Version originale du texte intégral

1 Introduction

〚Pd(C3H5)Cl〛2 is often used as the palladium source in catalytic allylic substitution reactions, assuming that, in the presence of a bidentate ligand L2, the cationic active species Pd(C3H5)(L2)+ is readily formed with Cl as a simple non-coordinating anion 〚1〛. However, it has been reported that halide ions, and particularly Cl, can have an influence on the reactivity or the selectivity of Pd-catalysed 〚2–7〛 allylic substitution reactions. In some cases, it has been proposed that this influence is originated from the well-known increase of the isomerisation rate of the Pd η3-allyl intermediates through η3η1η3 interconversion 〚6–8〛. The working models of the key catalytic intermediate are mostly cationic palladium η3-allyl complexes with a non-coordinating anion, e.g. triflate. The study of these models has proven to be particularly useful in asymmetric allylic alkylation with chelating chiral ligands 〚1〛. If the anion is Cl, which is the case after the reaction of 〚Pd(η3-allyl)Cl〛2 with 4 equiv monodentate ligand or 2 equiv bidentate ligand, the complex generally remains η3-allyl: a cationic tetracoordinate complex with a non-coordinating chloride anion, both being present either as separate ions or as tight ion pairs, or a neutral pentacoordinate chloro complex 〚8–13〛. However, neutral tetracoordinate palladium η1-allyl chloro complexes have also been reported 〚14, 15〛.

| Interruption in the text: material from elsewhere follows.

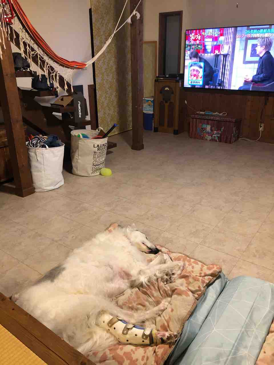 左脚を下にしたまま完全に就寝してしまったので、脚の確認とレッグウォーマー交換出来ず

We have been interested recently in phospholane-derived ligands and their use in palladium-catalysed allylic alkylation 〚16, 17〛. We report hereafter our observations concerning the effect of chloride ions on the NMR characteristics and the chemical reactivity of some palladium(II) allyl complexes bearing the bis-phospholane ligands (R,R)-Me-Duxantphospholane or (R,R)-Me-Duphos, or the bis-phosphine ligand (S)-Binap.

2 Results and discussion

The palladium complexes we have studied by NMR spectroscopy are listed in Fig. 1. Adding a source of chloride ions (viz. 1 equiv tetraphenylphosphonium chloride) to a solution of 〚1〛SbF6 in deuterated chloroform induces a significant alteration of the allylic signals on the 1H NMR spectrum (Fig. 2). At room temperature, the central allylic proton (Hc) of 〚1〛SbF6 appears as a pseudo-triplet at 6.73 ppm, with an expected value of 13 Hz for 3JHH; the signals of the terminal allylic protons (Ht and Ht’) are degenerate at 5.20 ppm, with coupling constants with the phosphorus in trans position (3JHP) of ca 13 Hz (Fig. 2a). Upon addition of Cl, the signals of the terminal allylic protons are strongly shifted to higher frequency at 5.46 and 6.04 ppm, whereas the chemical shift of the Hc signal is almost unchanged. However, the multiplicity and the coupling constants are globally unchanged; incidentally the value of 3JHP with the phosphorus cis (3.4 Hz) can be determined for the signal at 6.04 ppm. This shows that the allyl ligand remains η3-coordinated and Me-Duphos η2-coordinated on the palladium centre. In addition, both phosphorus atoms of Me-Duphos lie in the equatorial plane, by contrast with the nitrogens of neocuproine in the palladium chloro allyl complex described by Åkermark, Vitagliano et al. 〚8〛.

Fig. 1

Studied allylic diphosphine palladium (II) complexes.

Fig. 2

Section of 1H NMR spectra (CDCl3, 298 K, 300 MHz) of (a) complex 〚1〛SbF6; (b) complex 〚1〛SbF6 + 1 equiv PPh4Cl; (c) complex 〚1〛Cl obtained from the reaction of 1 equiv 〚Pd(η3-Ph2C3H3)Cl〛2 with 2 equiv (R,R)-Me-Duphos.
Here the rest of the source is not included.